Trump recently learned that health care is complicated. Welcome to the Middle East.

7 thoughts on “Foreign Policy: Trump’s Middle East Policy lacks the Finesse of a Nixon-Kissinger

  1. ‘Trump recently learned that health care is complicated. Welcome to the Middle East.’ Tell us all about the article.

  2. Donald Trump is a seven year old boy in a seventy year old man’s body.This man is simply ignorant,stupid and a dumb ass.The US has a presence of an air force and military base of ten thousand men.Yet,he sided with the Saudis and belittled the Qatar government.

    And a more stupider ass kisser,Republican house speaker Paul Ryan.Paul Ryan said that Donald Trump did not know about the laws concerning obstruction of justice.And if a Democrat was the POTUS,the republicans would not impeach.Because of ignorance of the law.So,Donald Trump should not be impeach if found guilty.All because of being ignorant,was Ryan’s excuse?What if Donald Trump did the grab them by the p*ssies on Ryan’s female staffers,daughters or nieces.Will Donald Trump be innocent because his lawyers plead ignorance?Paul Ryan?Yes,of course.

  3. Donald Trump failed geography in grade school and in high school. He doesn’t even know which countries make up the region called Middle East. He can’t even differentiate an Arab from a Persian. He doesn’t read the Security briefings and thus doesn’t know that the US military have a very big presence in Qatar from which they conduct operations throughout the Arabian peninsula and as far away as North Africa.

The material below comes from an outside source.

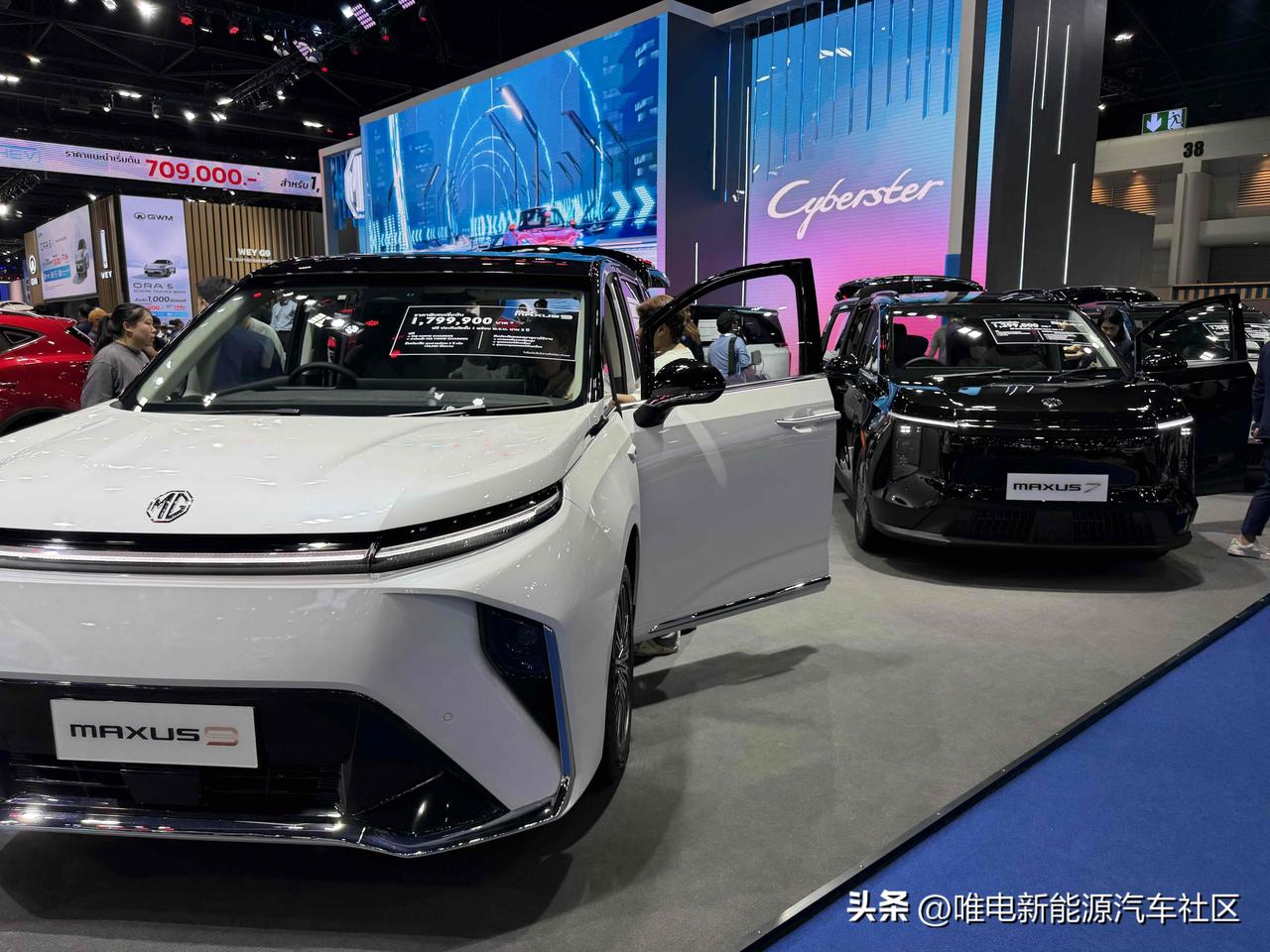 名爵展台[思考]MG毕竟深耕泰国多年了,带来的展车自然不少,就连Cyberster也是右舵的[思考]

    He has managed to insult Qatar a strong US ally. He also doesn’t understand the history and culture of the different nations such as Saudi Arabia, Egypt, Syria, Jordan, Kuwait, Sudan and the Emirates. He thinks that Saudi Arabia holds the key to disarming IS. He needs to have a better State Department and Secretary of State otherwise his mid east policies will create more turmoil and fighting in an already fragmented region. Dealing with the Arab countries is not the same as making a business deal. There is the different culture, mores, norms, politics and above all the personalities involved, not counting the Sunni versus Shia factor.
    Semper Fi,

    That said, Americans put him in The White House. And we in Malaysia elected Najib Razak and will keep him in office after GE-14. The world is suffering from a political leadership crisis and democracy has become a failed system.

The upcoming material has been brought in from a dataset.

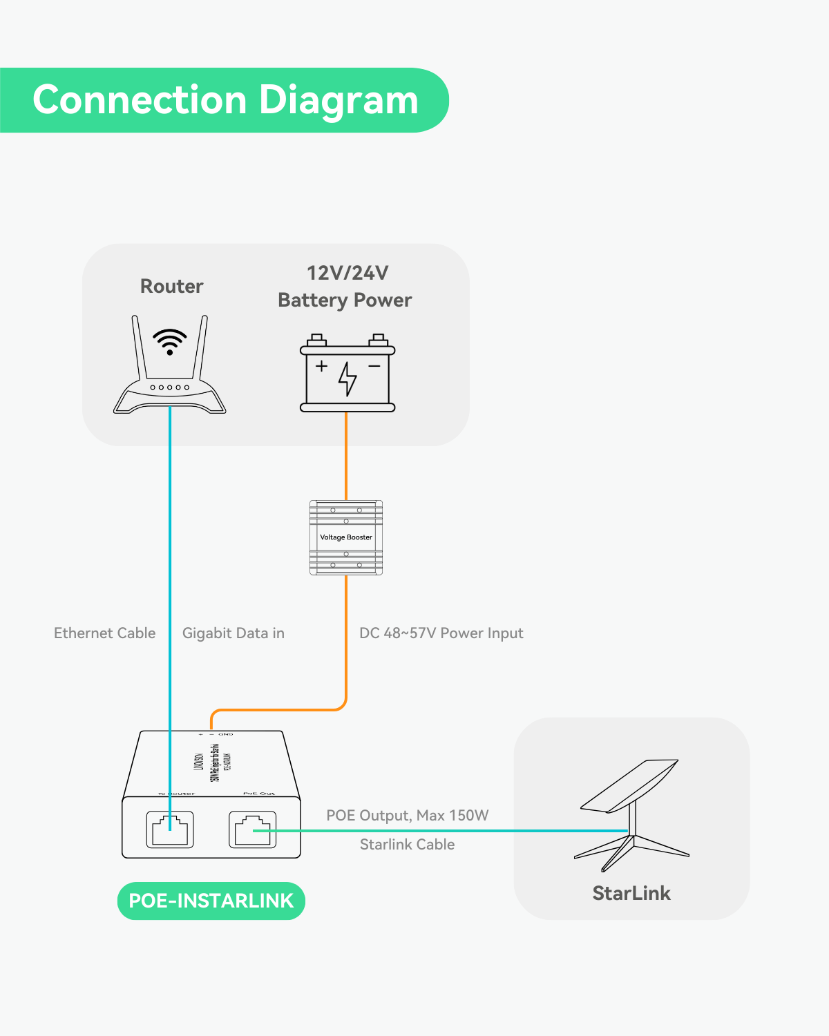 Plug-N-Play-Compatible with standard Starlink and Ethernet cables. Simply plug in the Ethernet cables and power cord, no configuration is needed.Attention:

    I am sure, you and LaMOy have something to say about the paralysis in Washington DC and the frenzy over Russia.

    The show which is being put on in Congress is a joke. Nobody takes The House and the Senate seriously. We in Malaysia think our Parliament is a “pentas untuk bertemasha”.–Din Merican

    • DDM Americans voted for Hilary giving her over 3 million more popular votes than Drumpski but the Electoral College chose to award Drumpski the Presidency. That is why there are many groups opposing Drumpski such as ‘Indivisible’ and other PAC.

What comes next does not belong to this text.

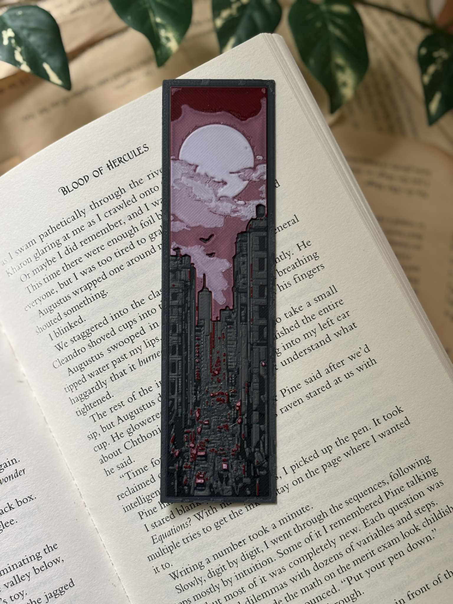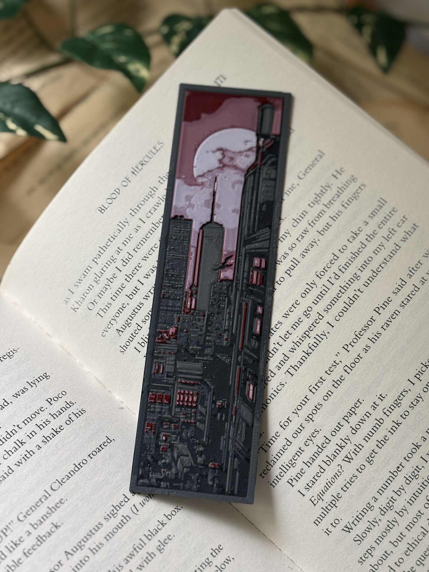 Et moderne og stilfullt sett med tre bokmerker inspirert av lys, bylandskap og futuristiske skyskrapere. Disse 3D-printede bokmerkene passer perfekt til sci-fi, cyberpunk eller deg som elsker storbyens energi mellom boksidene.

  4. Qatar, which hosts a huge US airbase for missions to Afghanistan, Syria and Iraq, has played the role of a modest regional counterbalance against Saudi domination of the Persian Gulf. Crucially, it hosts Al-Jazeera, the leading Arabic satellite news network that the Saudis hate. The Saudis’ nominal excuse for breaking diplomatic and trade ties with Qatar was its sponsorship of terror. But the real reason was that Trump’s comments on his visit to Saudi Arabia, when he told Arab leaders that he wanted a stop to “funding of radical ideology”, gave the kingdom an excuse to take steps against a rival whom it considers a thorn in its side and a dangerous source of critical news. Trump was not quick enough that this was a way of deflecting attention from the Saudis while dangling the possibility of action against Qatar. He took the bait.

    Trump was outwitted and got played by the Saudis and he bragged on Twitter taking credit for the breakup between Saudi Arabia and three Arab partners on one side and Qatar, a staunch US ally, on the other. The challenge now is to figure out how to walk back the brewing diplomatic disaster without a public reversal by Trump – a step he has shown no inclination to take.

    Pentagon has continued to trumpet Qatar’s “enduring commitment to regional security.” Small wonder: More than 11,000 US and allied forces are stationed at Qatar’s strategically essential Al Udeid airbase. Secretary of State Rex Tillerson has called on the Arab states to stop blockading Qatar but Trump continues to applaud the move on Twitter, completely contradicting and undermining Tillerson. Trump apparently just doesn’t understand how important Qatar is to the US. With such an ignorant and idiotic narcissist as president, how can the crisis be resolved?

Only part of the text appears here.